Like Paul Rahe, I find optimism in this. Rahe writes in a recent article:

The simple truth is that the welfare state is bankrupt. The money that earners pay for Medicare does not come close to covering the costs. This year, Social Security will pay out more money than it takes in.

Ever so slowly, education is showing up in this conversation — though Rahe does not mention it in his excellent article. Yet when the welfare state is bankrupt there is no money for public schools.

Replacing public schools has been off the table for reasons that have been hammered into our thinking since our grandparents and theirs were children. School is eagerly anticipated by little children. Teachers are to be deeply admired and protected. The senior prom is one of life’s great moments. The public schools are a great American achievement. How many of those and the many other preconceptions of schooling were true for most of us? How many for the newest generation of American kids?

Obama has now lifted his chin and resolved to make education better by 2020. What he has proposed is to spend billions of federal dollars, many of them given to the states with the proviso that the receiving states not reduce their own k-12 spending.

As the states run out of money and the federal deficit falls off the cliff, public schooling will be broke.

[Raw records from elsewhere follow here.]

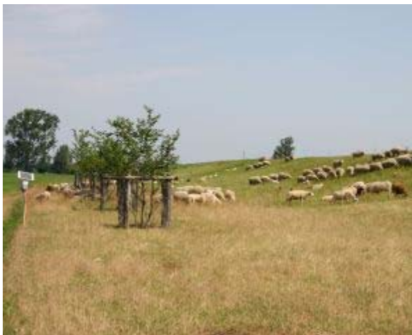
Gruppe von Schafen auf dem Elbdamm
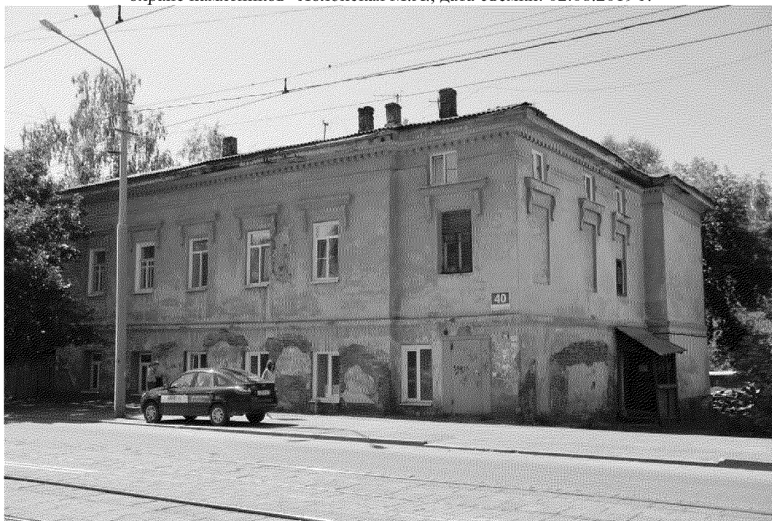
Видовая точка № 1 Общий вид здания с северо-восточной стороны (по ул. Р. Люксембург)

Фотографические изображения предмета охраны объекта культурного наследия регионального значения «Второй Сенной полицейский участок», сер. XIX в., расположенного по адресу: Томская обл., г. Томск, Розы Люксембург улица, 40 дата съемки: 02.08.2019 г.
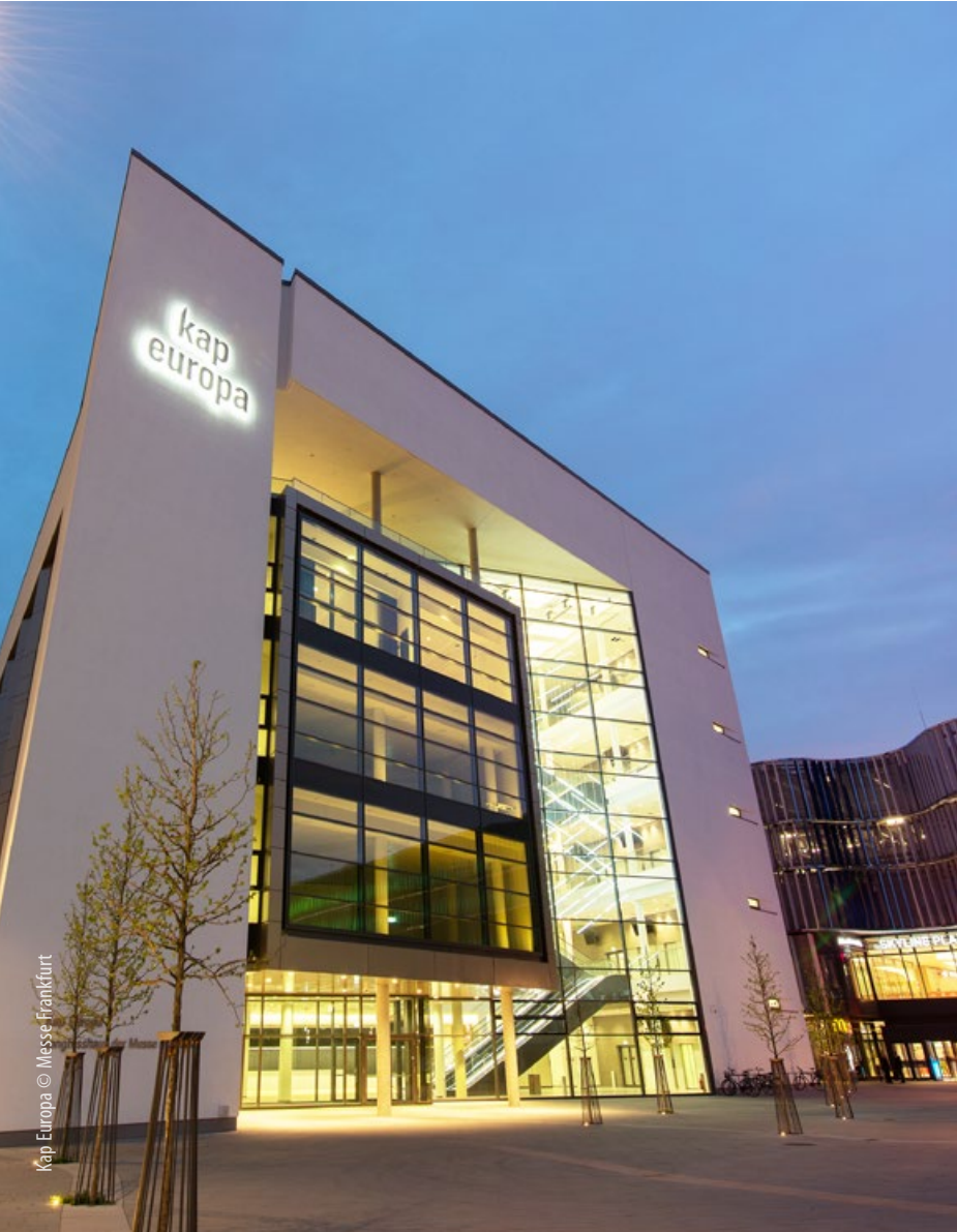
Kap Europa
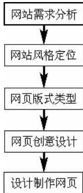
图 1-10 网站开发流程图

前面学习了网页的一些基础知识,知道了什么是网页,什么是网站,网页是由哪些元素构成的。下面来了解一下应该怎样去开发建设一个网站,如图 1-10 所示。
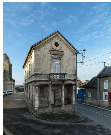
Vue de la façade principale. IVR22_20138000516NUC2A
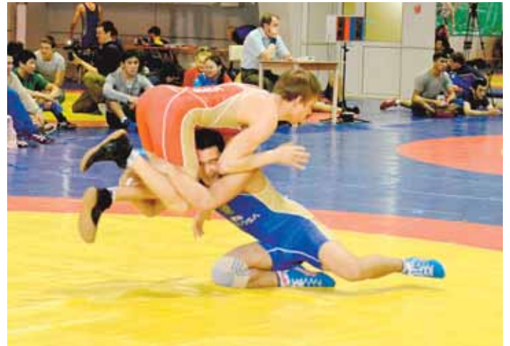
На фото: прочь из захвата!

В ближайших матчах играют: 20 мая (пятница). «Енисей-М» – «СДЮСШОР-Кемерово», «Распадская» – «Зенит», «Новокузнецк» – «Чита-М», «Рассвет-Реставрация» – «Сибирь-М». 22 мая (воскресенье). «Рассвет-Реставрация» – «СДЮСШОР-Кемерово», «Распадская» – «Чита-М», «Новокузнецк» – «Зенит», «Енисей-М» – «Сибирь-М». 24 мая (вторник). «Шахтёр» – «Зенит».
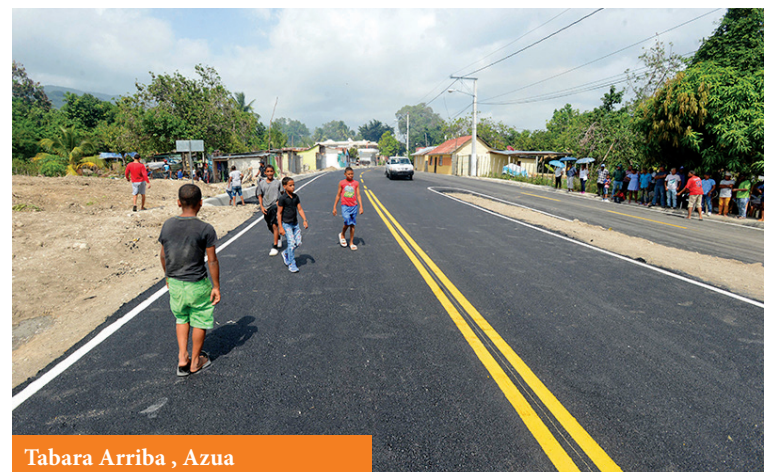
Tabara Arriba, Azua
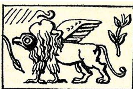
تصویره قدیمی‌ترین نمونه گریفین عیلامی، مأخذ: هینتس، ۱۳۷۱: ۸۹.

«سیمرغ» نیز دیده می‌شوند. در حقیقت، در اغلب موارد به جز دم بلند و پرپشت شبیه به دم طاووس نمی‌توان وجه تمایز دیگری میان نقش شیر دال‌ها و سیمرغ‌های ساسانی قائل شد (تصاویر ۱۲-۱۰).
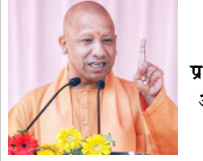
घायलों का त्वरित और समुचित इलाज तथा सभी प्रभावितों को 24 घंटे के भीतर अनुमन्य राहत राशि उपलब्ध कराई जाए: मुख्यमंत्री

शाह टाइम्स ब्यूरो लखनऊ। उत्तर प्रदेश के मुख्यमंत्री योगी आदित्यनाथ ने प्रदेश में आंधी, वर्षा और आक. शीघ्र बिजली से हुई जनहानि को गंभीरता से लेते हुए प्रशासन को अलर्ट मोड पर रखने के निर्देश दिए हैं। मंगलवार को मुख्यमंत्री ने मृतकों के परिजनों के प्रति गहरी संवेदना व्यक्त करते हुए अधिका. रियों को सख्त निर्देश दिया कि घायलों का त्वरित और समुचित इलाज सुनिश्चित किया जाए तथा सभी प्रभावितों को 24 घंटे के भीतर अनुमन्य राहत राशि उपलब्ध कराई जाए। मुख्यमंत्री ने स्पष्ट कहा कि जनहानि, पशुहानि और घायलों को समयबद्ध सहायता देना प्रशासन की प्राथमिक जिम्मेदारी है। उन्होंने चेतावनी दी कि राहत कार्यों में किसी भी स्तर पर लापर. रवाही बर्दाश्त नहीं की जाएगी और जिम्मेदार अधिकारियों के खिलाफ कार्रवाई तय होगी। उन्होंने सभी जिलाधिकारियों को निर्देश दिया है कि वे फील्ड में रहकर राहत एवं बचाव कार्यों को लगातार निगरानी करें। साथ ही, प्रभावित क्षेत्रों में आवश्यक संसाधनों की उपलब्धता सुनिश्चित करने के लिए शासन से समन्वय बनाए रखें। प्रशासन ने लोगों से अपील की है कि खराब मौसम के दौरान घरों में ही रहें और खुले स्थानों, पेड़ों तथा बिजली के खंभों से दूर रहें। प्रभावित क्षेत्रों में राहत और बचाव टीमें सक्रिय कर दी गई हैं, ताकि किसी भी आपात स्थिति में त्वरित कार्रवाई की जा सके और जनहानि को न्यूनतम रखा जा सके। दूसरी ओर उत्तर प्रदेश में आगामी दिनों में मौसम का मिजाज बदलता नजर आएगा। मौसम विभाग द्वारा मंगलवार को जारी ताजा पूर्वानुमान
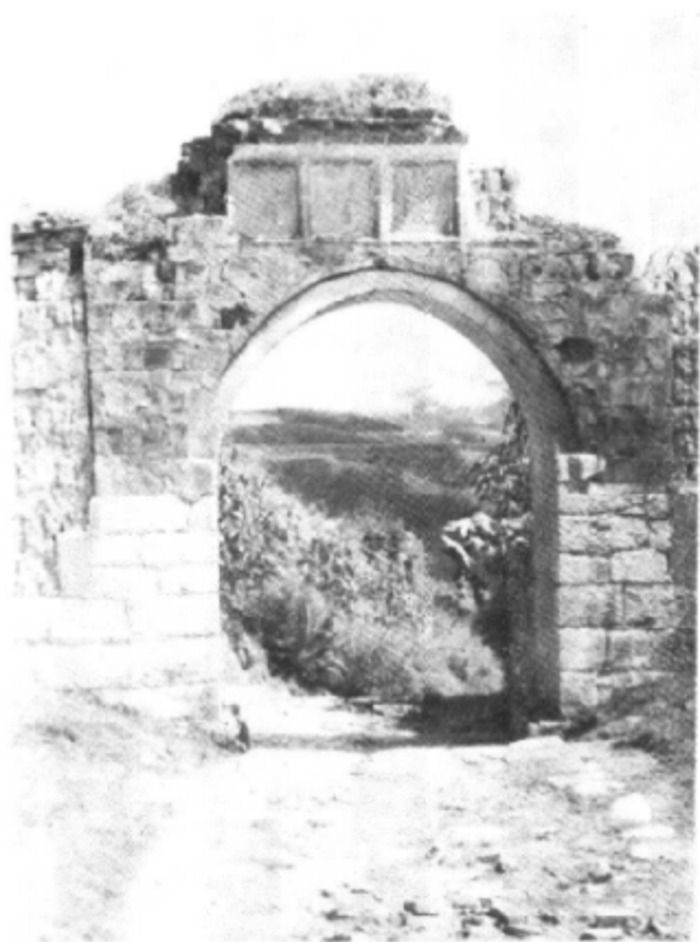
博南古道之一（大理至永平境内）
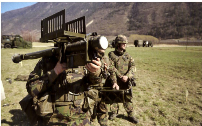
Le système engin guidé pèse environ 16 kg et permet de combattre un adversaire dans l'espace aérien inférieur.
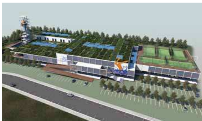
Imatge virtual del futur centre de natació sincronitzada
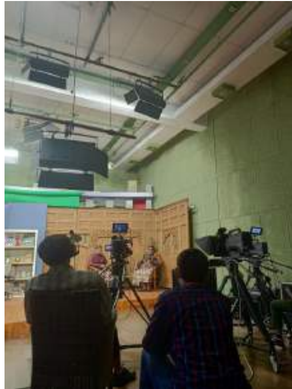
Gambar 6 Orientasi Produksi Program Leyeh-Leyeh
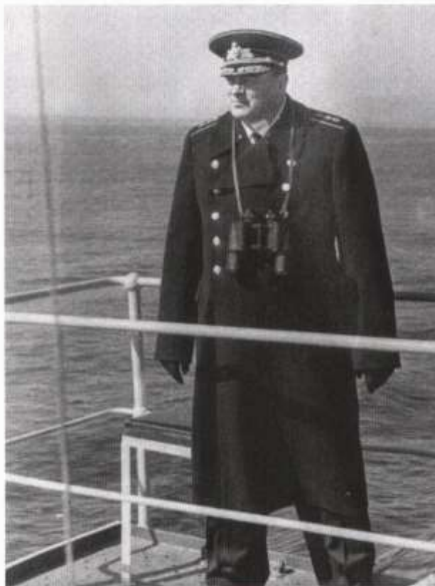
На борту крейсера «Дмитрий Пожарский». Сбор- поход под флагом командующего краснознаменным Тихоокеанским флотом, 1971 год

Любознательный читатель найдет в книге много интересных страниц из жизни Героя Советского Союза Н.И.Смирнова, узнает о его исследованиях во флотской науке.
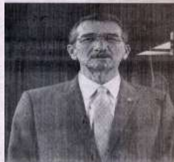
Unidad Académica Multidisciplinaria de Ciencias, Educación y Humanidades
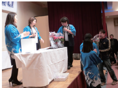
ポイントセア当たったヨ!

・恒例の立食パーティーで、364名の大勢の参加を頂き盛大に開催されました。抽選会には、19社69本の提供景品をいただき、合わせて173本、理事長賞(5万円相当の高周波治療器コリコラン、ヘッドスパ)委員長賞(3万円の灯油券)勤福連賞(土別市指定ごみ袋セット)抽選ごとに一喜一憂していました。 参加者は、ビールを飲み交わしながら、和気あいあいのなか会員同士の交流が深められました。
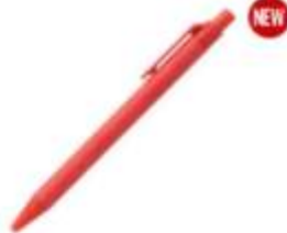
10.196 VITA COLOR Papirna hemijska olovka
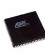
AT40K05-2AJC Microchip Technology IC FPGA 62 I/O 84PLCC
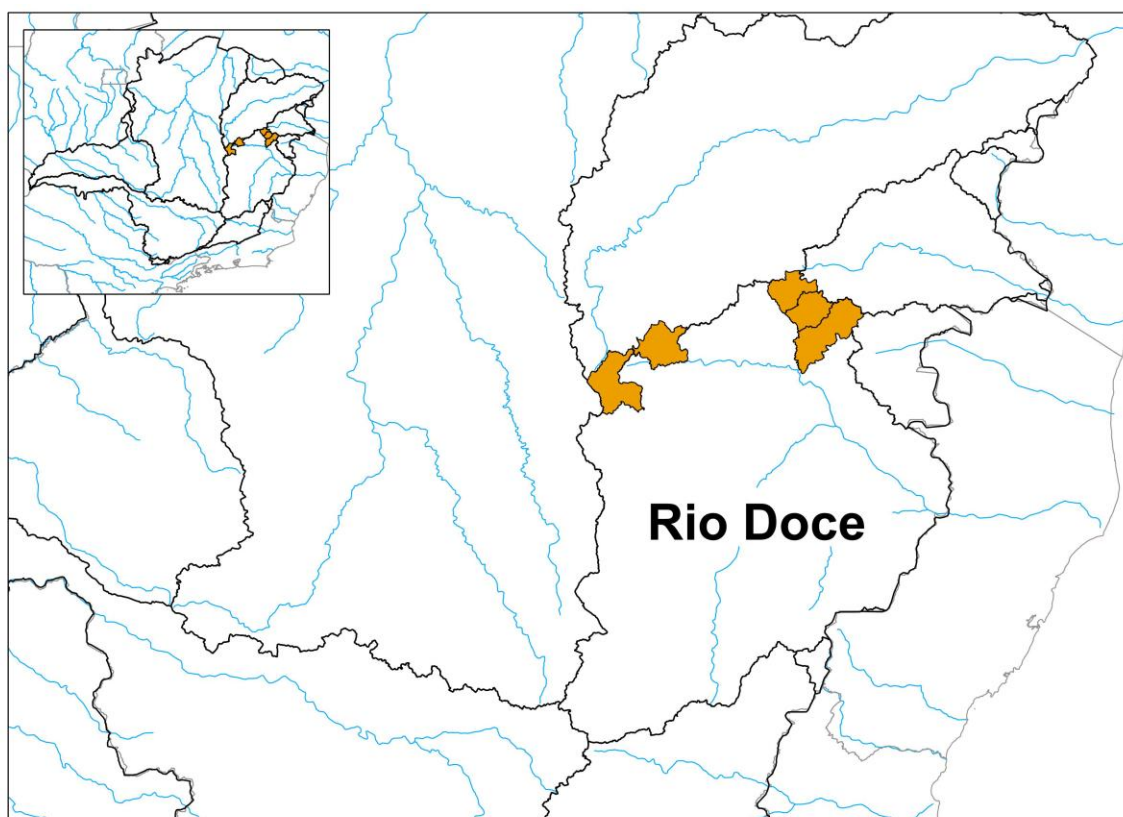
Figura 2: Localização dos municípios que solicitaram decreto de situação de emergência

De acordo com o boletim da Defesa Civil os municípios que solicitaram decreto de situação de emergência foram 167, sendo que na Bacia do Rio Doce foram 5 , conforme figura e tabela abaixo.
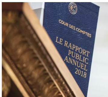
Le jugement de la Cour des comptes

La Cour des comptes a estimé que le compteur "Linky" tel qu'actuellement déployé était « Un dispositif coûteux pour le consommateur mais avantageux pour ENEDIS » (Rapport annuel 2018, Tome I, p. 253)
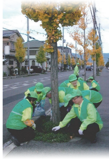
草津市環境・福祉推進グループ 草津ほほえみの会

歩道の花壇の水やり、犬のフンの掃除、病院への送迎と院内案内、献血の呼びかけ、障がい児の学童保育の手伝い、家庭ごみの堆肥化など環境から福祉まで多岐にわたるボランティア活動を27年間、地道に続けてきました。
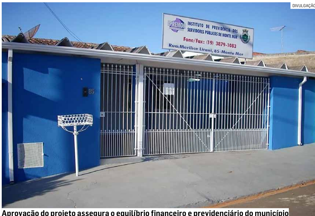
Aprovação do projeto assegura o equilíbrio financeiro e previdenciário do município

Com o texto, o Executivo fica autorizado a realizar "o parcelamento dos débitos oriundos das contribuições previdenciárias devidas e não repassadas pelo município (patronal) ao Regime Próprio de Previdência Social, das competências de janeiro a dezembro de 2024, inclusive 13º salários, em até 60 prestações mensais, iguais e consecutivas". O projeto também proíbe
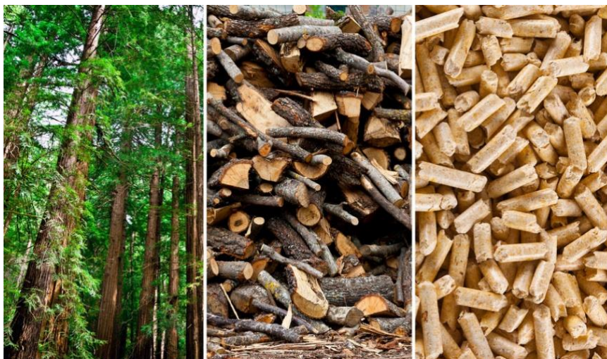
Slika 2. Porijeklo i oblici čvrstih biogoriva

Biomasa obuhvaća drvenu biomasu iz šumarstva ili u obliku otpadnog drva, drvenu uzgojenu biomasu u vidu brzorastućeg drveća, nedrvnu uzgojenu biomasu (alge i trave), ostatke iz poljoprivrede, gradski i industrijski otpad te životinjski otpad i ostatke.
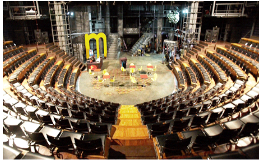
<그림 1> 드라마센터
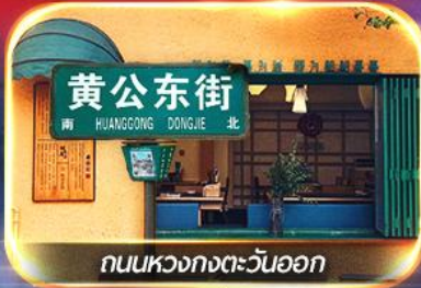
ถนนหลวงทางตะวันออก
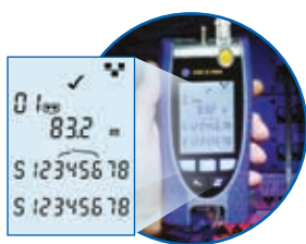
Verdrahtungstest inkl. Länge
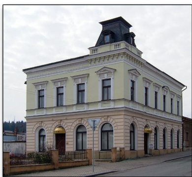
sídlo společnosti VERNER
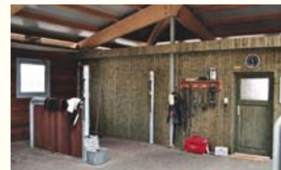
5 Die Innenausstattung erfolgt nach individuellen Wünschen
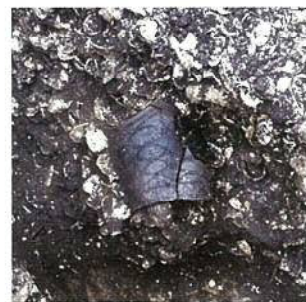
貝塚の中から 発見された土器 池田山北遺跡(東五反田) 平成2年(1990)
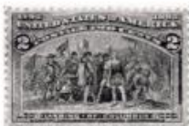
25. Történelmi falikép kicsinyítés. Kolumbusz-jubiläum. Acelvésés. (1902)
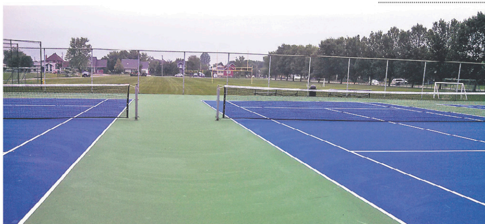
La base asphaltée des terrains de tennis a été refaite, puis recouverte d'un revêtement en acrylique.
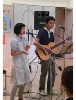
↑「かめもなか」出演の様子(8月)
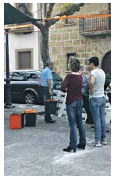
Lakuntzan ontziak hartzen. UTZITAKOIA

bulegoetan jasotzeko aukera izanen dute. Hondakin bilketari buruzko bulegoak 10:00etatik 20:00etara zabalik izanen baitira.
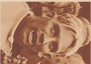
Jeff Scherens (Belgien) gewann zum fünftenmal die Pro- fessionell-Weltmeis- terschaft.
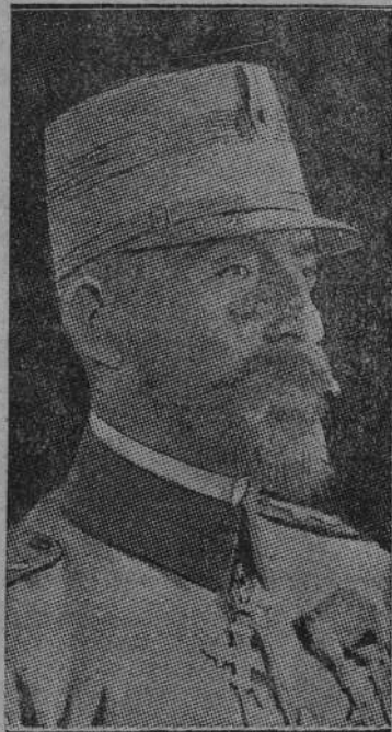
Zmarły król Rumunji Ferdynand z dynastji Hohenzollernów. * 24. VIII. 1865 R † 20. VII. 1927 R.

Dziś o godz. 8-ej zrana, zebrała się rada ministrów w celu omówienia programu uroczystości pogrzebowych.
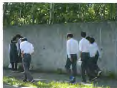
①ボランティア清掃

例年、春と秋の2回にわたり、校区内のボランティア清掃を行っています。今年も生徒会の呼びかけに、多くの生徒が参加して真剣に清掃活動を行いました。
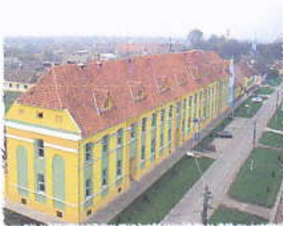
Școala cu clasele I-VIII Comloșu Mare
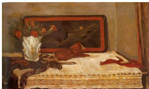
Мртва природа са белом чинијом, уље на платну
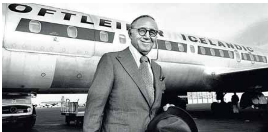
Djassmeisterinn Benny Goodman var hress við komuna til landsins sumarið 1976.

„Litlu hjónin“ André Previn og Mia Farrow á Keflavíkurflugvelli 1972. Þau voru elskuleg.
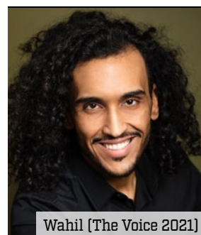
Wahil (The Voice 2021)

Venez nombreux, d'autres surprises viendront rythmer la soirée !
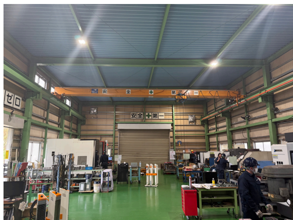
▲「本当に汚くてすごかった」という工場 現在は整然としており、5Sが徹底されていました

当時の工場は本当に汚くて、子どもの就職先としてここを見せられたらどれだけ落胆するだろうと親の立場になって想像してみました。それで、まずは中をきれいにする事から始めて「こんなマシンを使ってみよう」と思ってもらえるよう、補助金を活用して機械も新しくしました。イチかバチかの賭け。
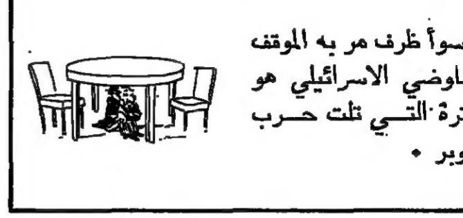
أسوأ ظرف مر به الموقف التفاوضي الاسرائيلي هو الفترة التي تلت حرب أكتوبر
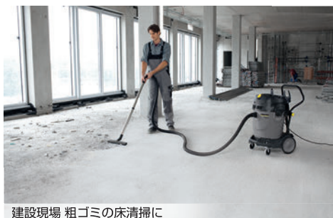
建設現場 粗ゴミの床清掃に
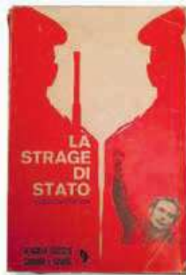
La copertina della prima edizione della controinchiesta «La strage di Stato», pubblicata nel 1970 dall'editore Samonà e Savelli
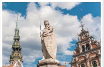
▲《里加——罗三雕像》展项作品
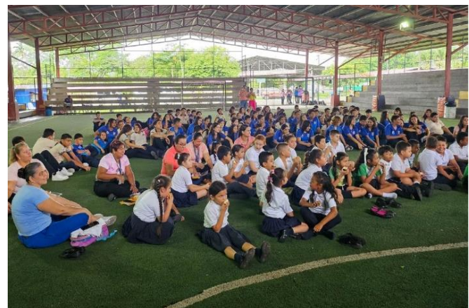
Banda de Conciertos de Limón

Concierto Didáctico, martes 21 de mayo, 2024 en Liceo Académico de Cariari. Circuito 03, Regional Guápiles Estudiantes de la Escuela Campo de Aterrizaje y Liceo de Cariari.

History is full of surprises. Who would have thought that the sacrosanct public schools would close because they became unsustainable? The education blob that has resisted reform for decades would melt away because there was no more public money to throw into it?

And the kids? Here is the most stupendous surprise in the history of human learning: Each kid will learn anything and everything from the device in his or her hand. The cost is miniscule — less to provide handschooling for every kid in American than say cover the Chicago public schools expenditures for a year or two. The generations that will rebuild the future will not be stunted by public schooling. There is something to be optimistic about!

And we have Obama to thank, because by ripping away the veils to reveal the socialist core of public education and speeding the nanny state bankruptcy, he is going to cause real learning to emerge in our children’s hands long before 2020.